When Paul writes this, he is tapping into a reality, you know. A reality that the people of Israel assumed was 100% there. Because of passages that talked about Abram's seed being a very big deal according to God, the people of Israel assumed that their lineage was evidence of being blessed and chosen by God. This has continued to this day with the phenomenon of secular Jews, who identify as Jews, though not believing in God at all. Because of the ethnic and cultural aspects of Judaism, it is possible for someone born to a Jewish mother to be considered as fully Jewish whether or not they even believe that God exists.  So what does that mean? It means that due to a lack of defined faith being required, just as God breathed life into Adam, he would be able to raise up from the stones children for Abraham. And Nicodemus, who knows that Jesus is 'from God' as he says, he's going to want to work out which is the right house and line to be born in. From his perspective, it makes perfect sense. God has blessed the world through one family, but Jesus says you have to be born again. How you gonna pull that trick off when it's clearly too late for you, as you had one shot to be born, and you were born wrong.

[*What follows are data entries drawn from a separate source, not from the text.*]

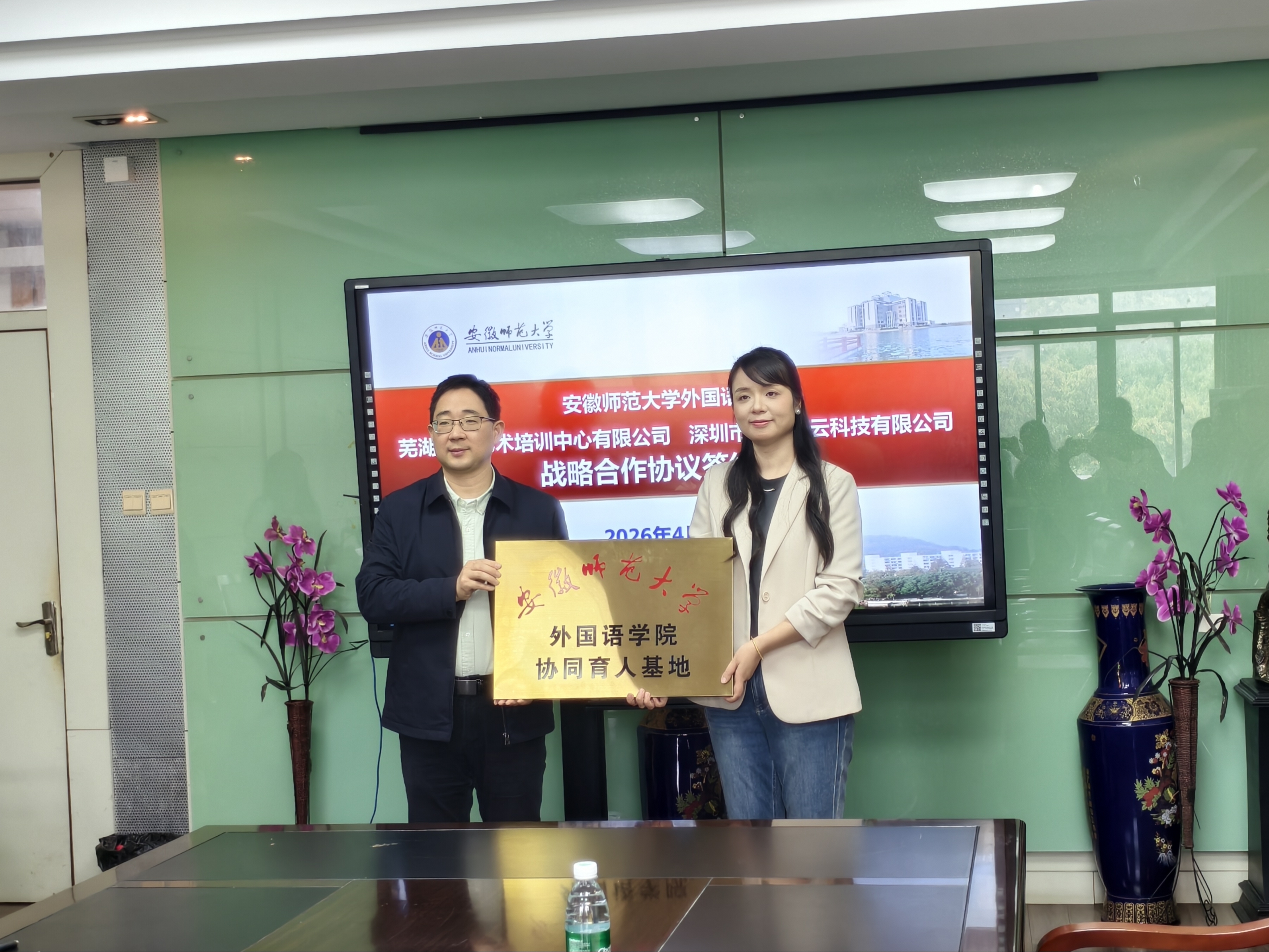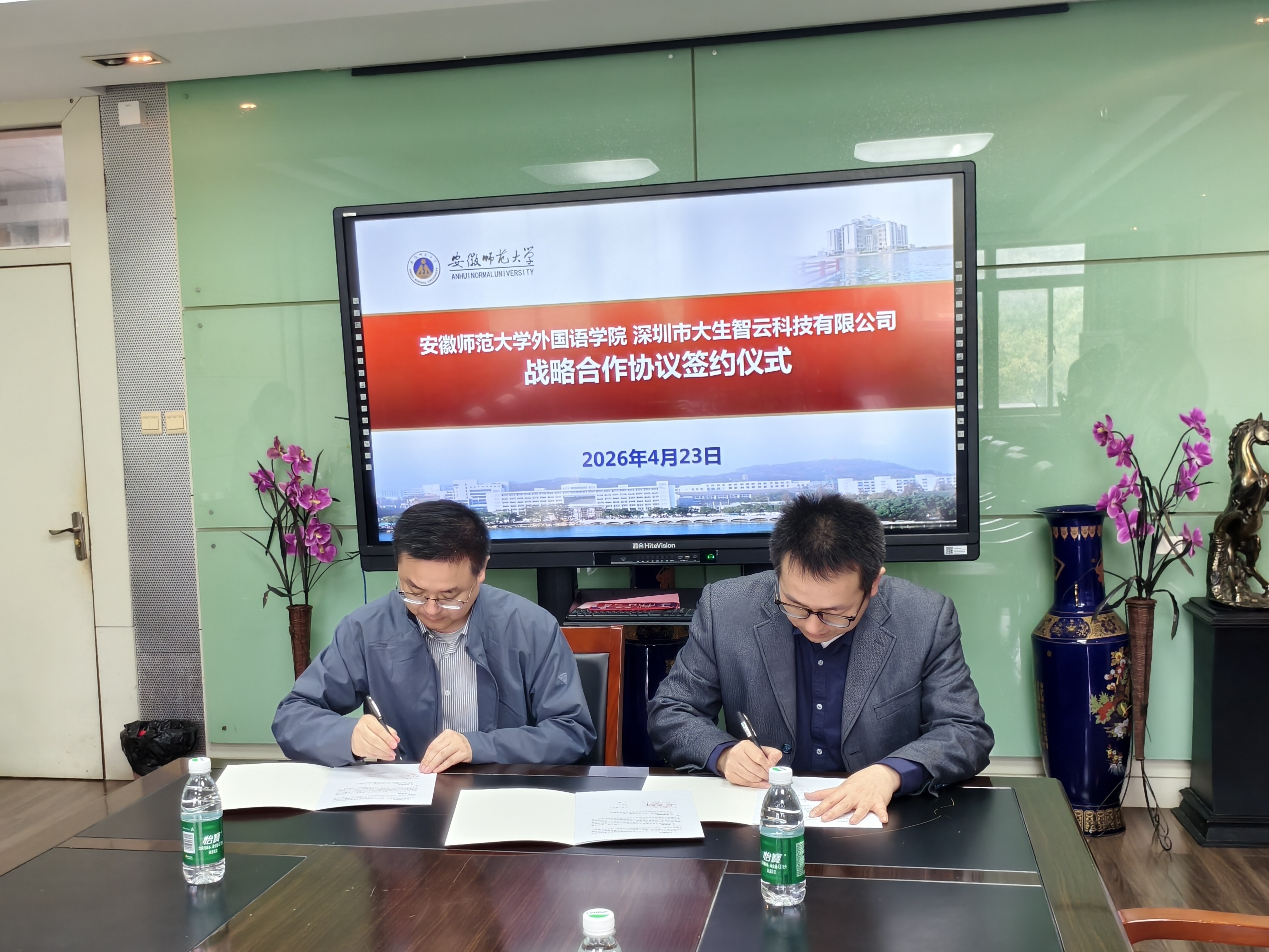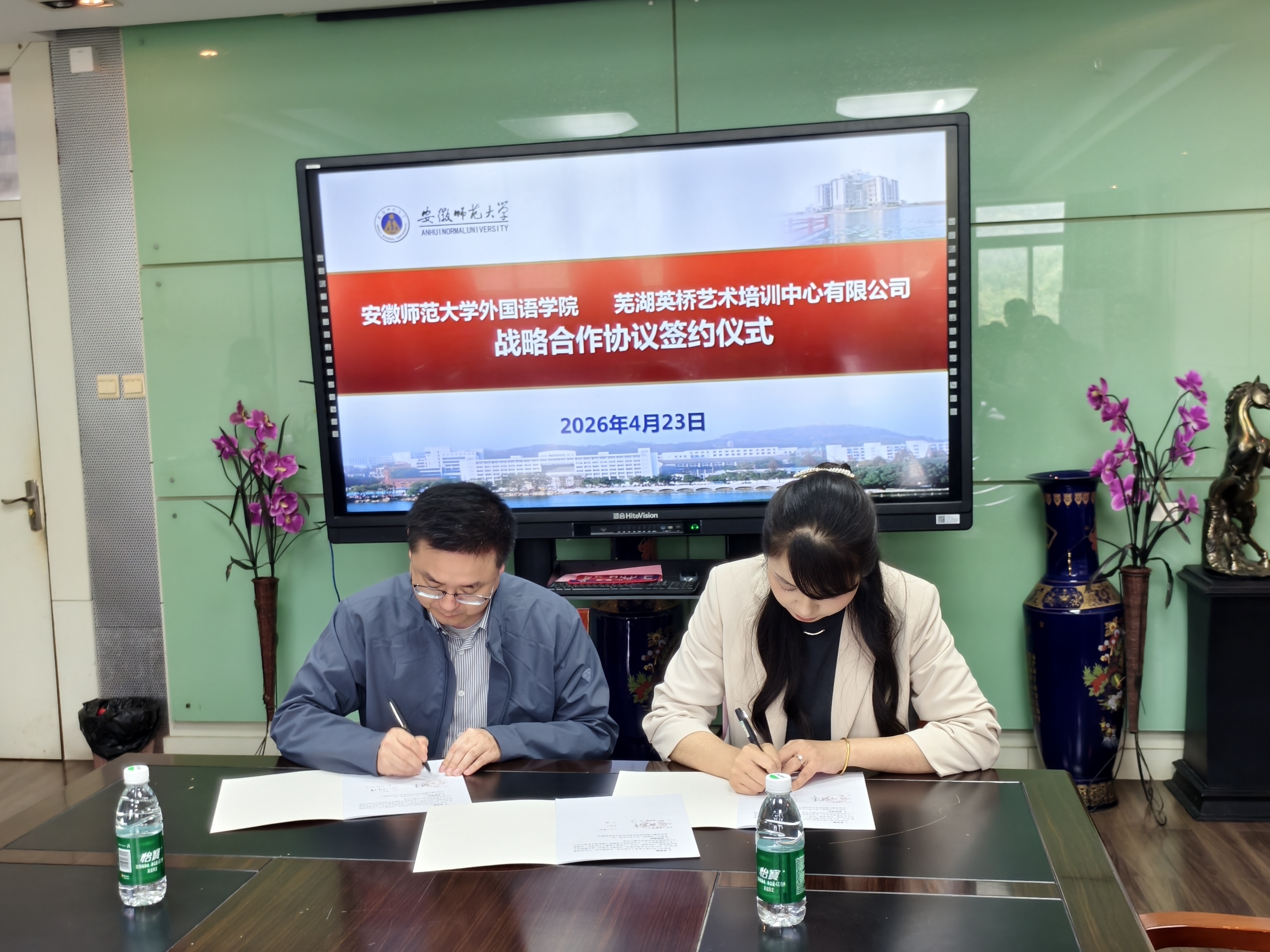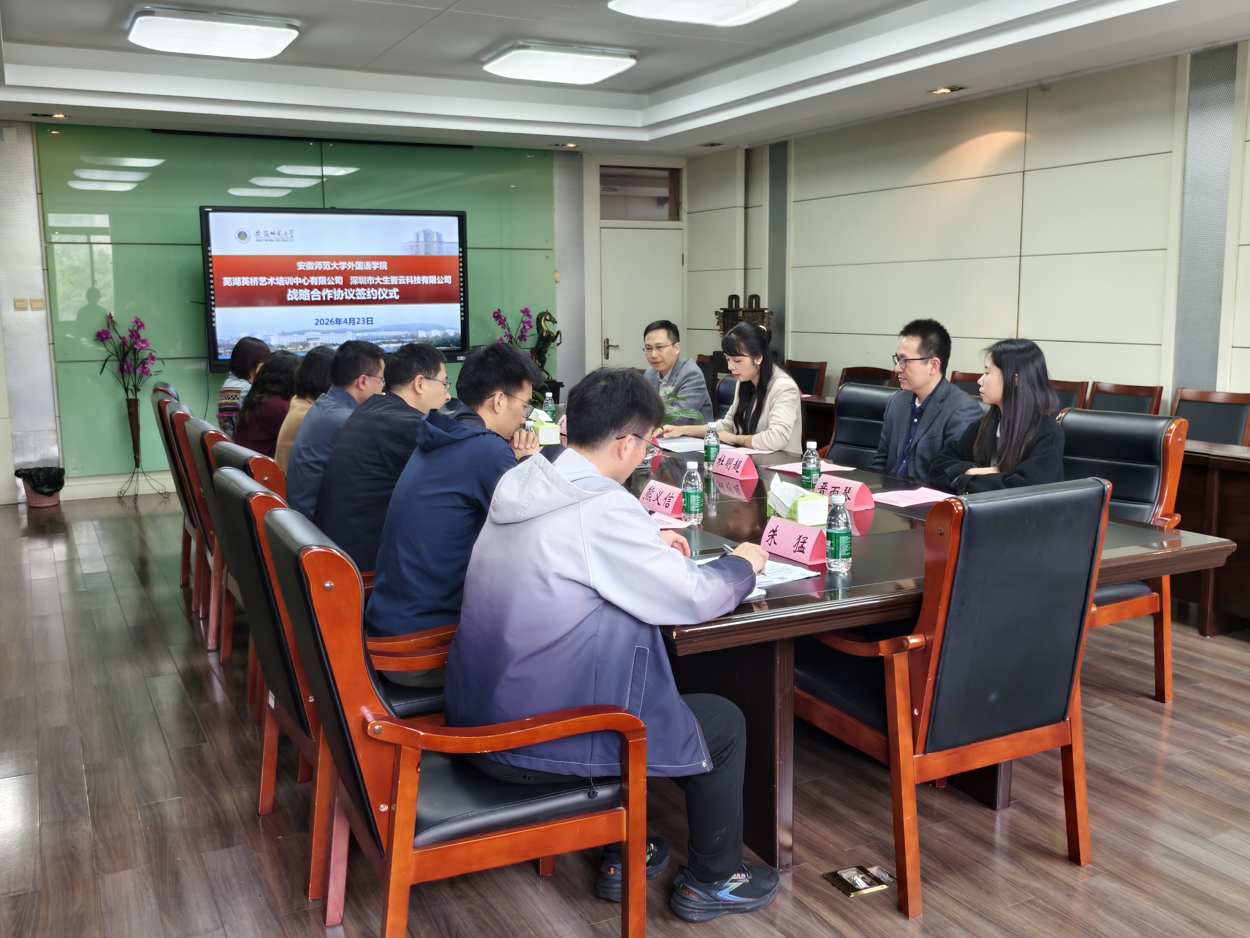 2026年4月23日下午,安徽师范大学外国语学院与芜湖英桥艺术培训中心有限公司、深圳市大生智云科技有限公司签订合作共建协议。院长张孝荣,副院长许炳坤、蔡静,芜湖英桥艺术培训中心有限公司校长许靖、总经理袁近、副校长晋雨琴,深圳市大生智云科技有限公司合肥基地负责人杜明超等出席签约仪式,共同见证校企合作新起点。签约仪式由院党委副书记章姗姗主持。
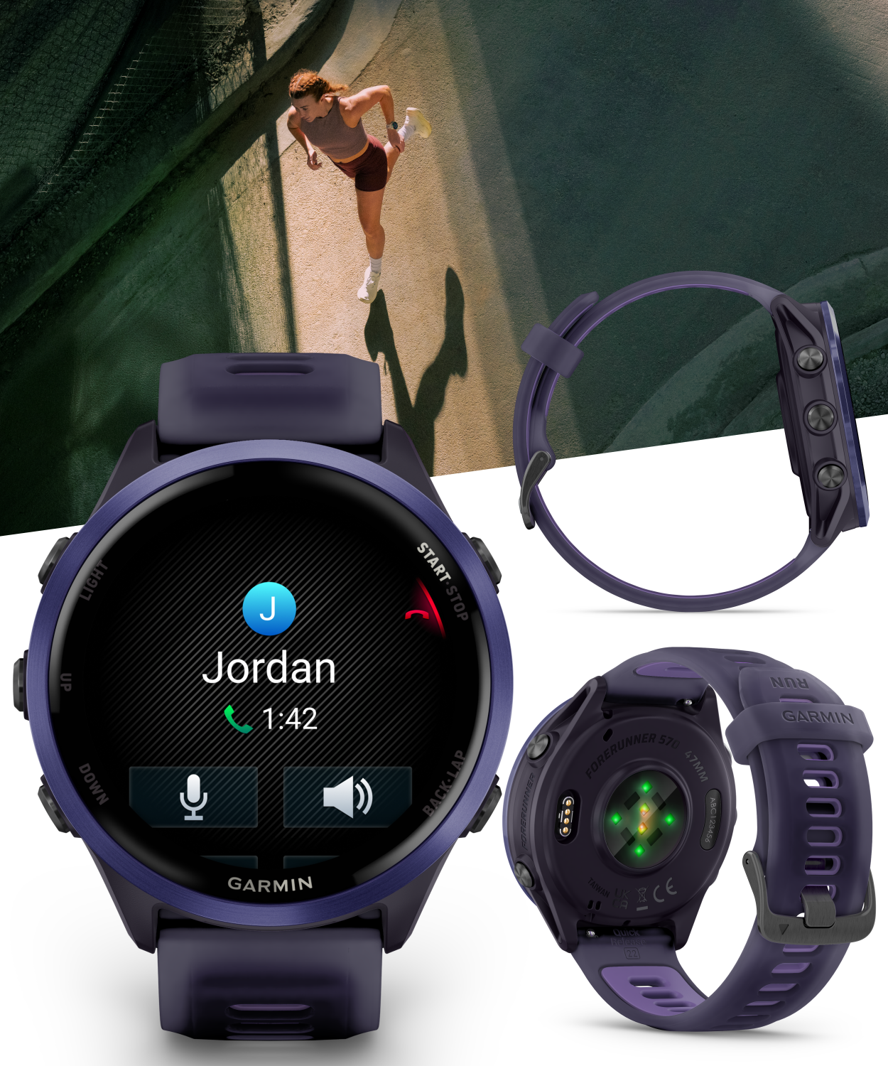 For dedicated runners chasing goals, there’s Forerunner  570 — the GPS running smartwatch with our brightest AMOLED display, aluminum bezel and smaller size to fit smaller wrists. Get ready for your race with personalized plans from Garmin Coach for running and triathlons — and select plans adapt based on your performance and recovery. Use the training readiness feature to know when you’re primed for a productive workout, and use training status to know if you’re training productively. With multi-band GPS, you’ll get superior positioning accuracy in challenging environments. Forerunner 570 has a built-in speaker and microphone so you can make or take calls from your wrist (when paired to your smartphone). Before heading to bed, check your evening report, which helps you prepare for the next day with reminders of sleep needs, tomorrow’s workout, weather and more. You’ll always be ready to hit the ground running with up to 10 / 11 days of battery life in smartwatch mode and up to 18 hours in GPS mode..
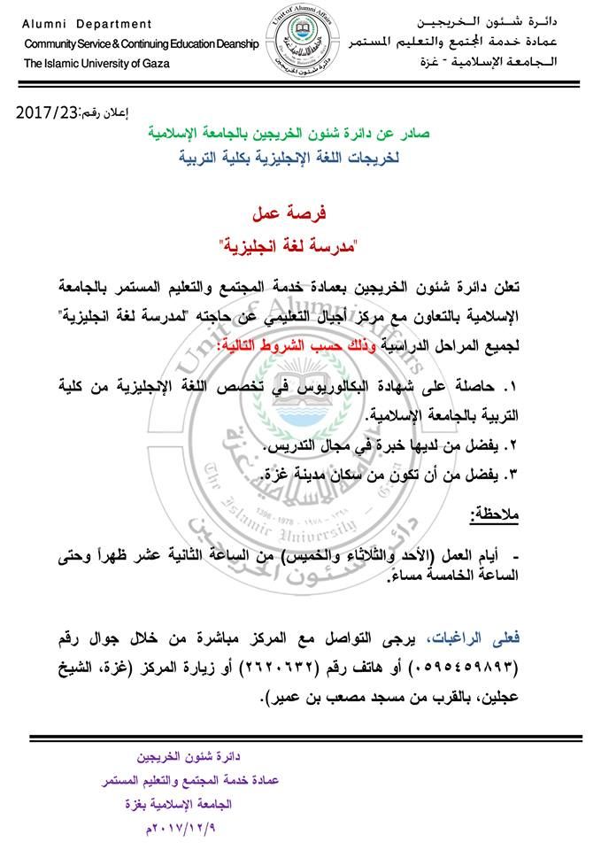 فرصة عمل " معلمة لغة إنجليزية " -- دائرة شؤون الخريجين بالجامعة الإسلامية بالتعاون مع مركز أجيال التعليمي calendar_month2017/12/09 03:16 pm visibility 1,117 مقالات ذات صلة share إعلان تشغيل عمال نظافة وعمال تنظيف مصافي ومناهل مياه الأمطار بالتعاون بين بلدية غزة واللجنة الدولية للصليب الأحمر التفاصيل ...share اعلان توظيف مدخل/ة بيانات لدى أطباء العالم فرنساالتفاصيل ...share اعلان توظيف ممرضين لدى الهيئة الطبية الدوليةالتفاصيل ...share كشف مستفيدي الغاز لتاريخ 24-11-2025 التفاصيل ...share اعلان وظائف تدريسية في وزارة التربية والتعليم والتعليم العالي، بدولة قطرالتفاصيل ...share إعلان توظيف – مساعد إداري لدى مستشفى أصدقاء المريضالتفاصيل ... يمنع استخدام برامج النسخ
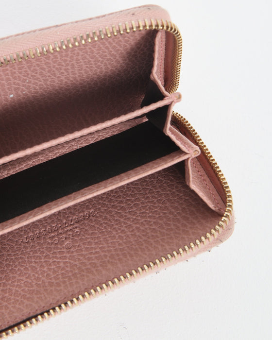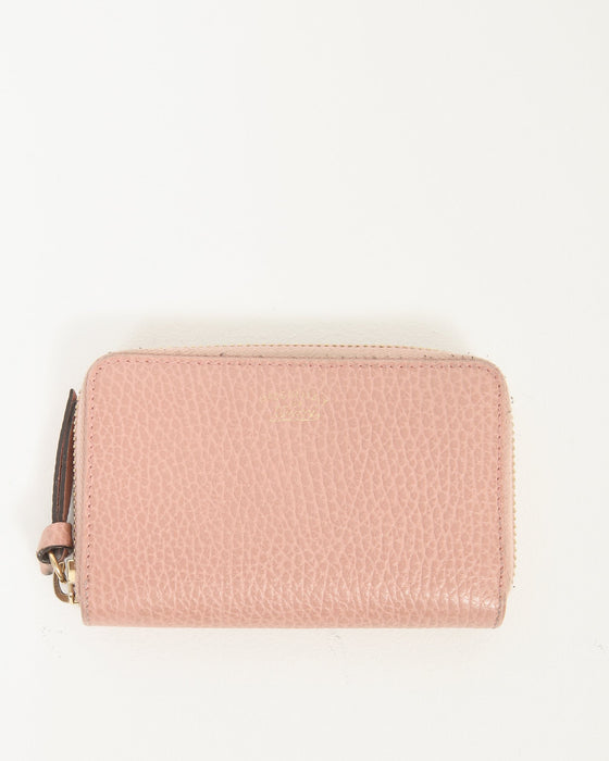 Pink Pebbled Leather Zippy Compact Wallet
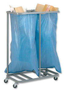 Conveniently holds two sacks in an open position for quick, simple loading of mail Strong steel construction with four rubber-tyred swivel castors for easy moving Holds standard Post Office size sacks Double WxDxH: 790x400x1115mm Silver
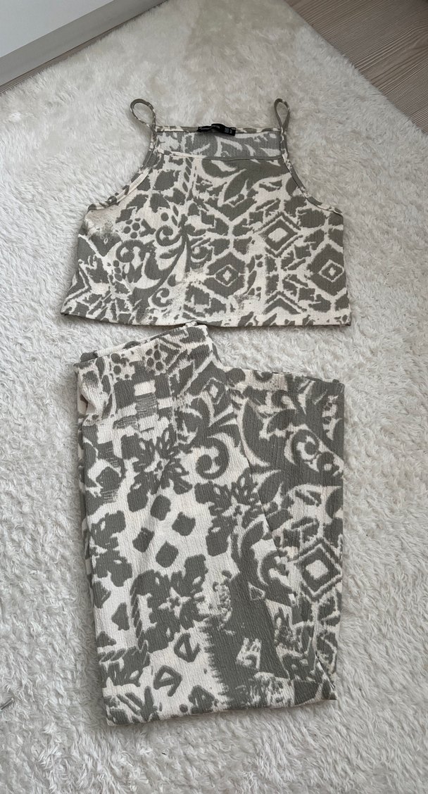 Desenli tekstil kumaştan yapılmış, straplez ve kolsuz, uzun ve vücuda oturan bohem tarzda kadın tulumu. Dantel detaylı, açık hava etkinlikleri için uygun.

But there is a new birth. Every bit as valid as the first, but the new birth is one that absolutely anyone can partake in. There is still a family, you know, and the family of Abram is still the one through which all the world will be blessed. But there is an important, non-genetic component that goes along with this.

Abram believed, and God credited it to him as righteousness.


So let's say that's true. Which is more important after all? Is the story of the Bible a story in which God just happens to like one group of people more than literally anyone else? Is it the story of God arbitrarily choosing one people and saying to them and of them 'these are my people and I love them best' the same way you would do with a dog? Or is it the story of God saving the entire world, and wanting all men to be saved and to come to a knowledge of the truth?  It seems that it's a key aspect of the teaching of Christ that you have to be born again, not born of the flesh, which you have been, but born of the spirit. Born not into a family of skin and bone, but born into a family of faith, where you believe and it gets credited to you as righteousness.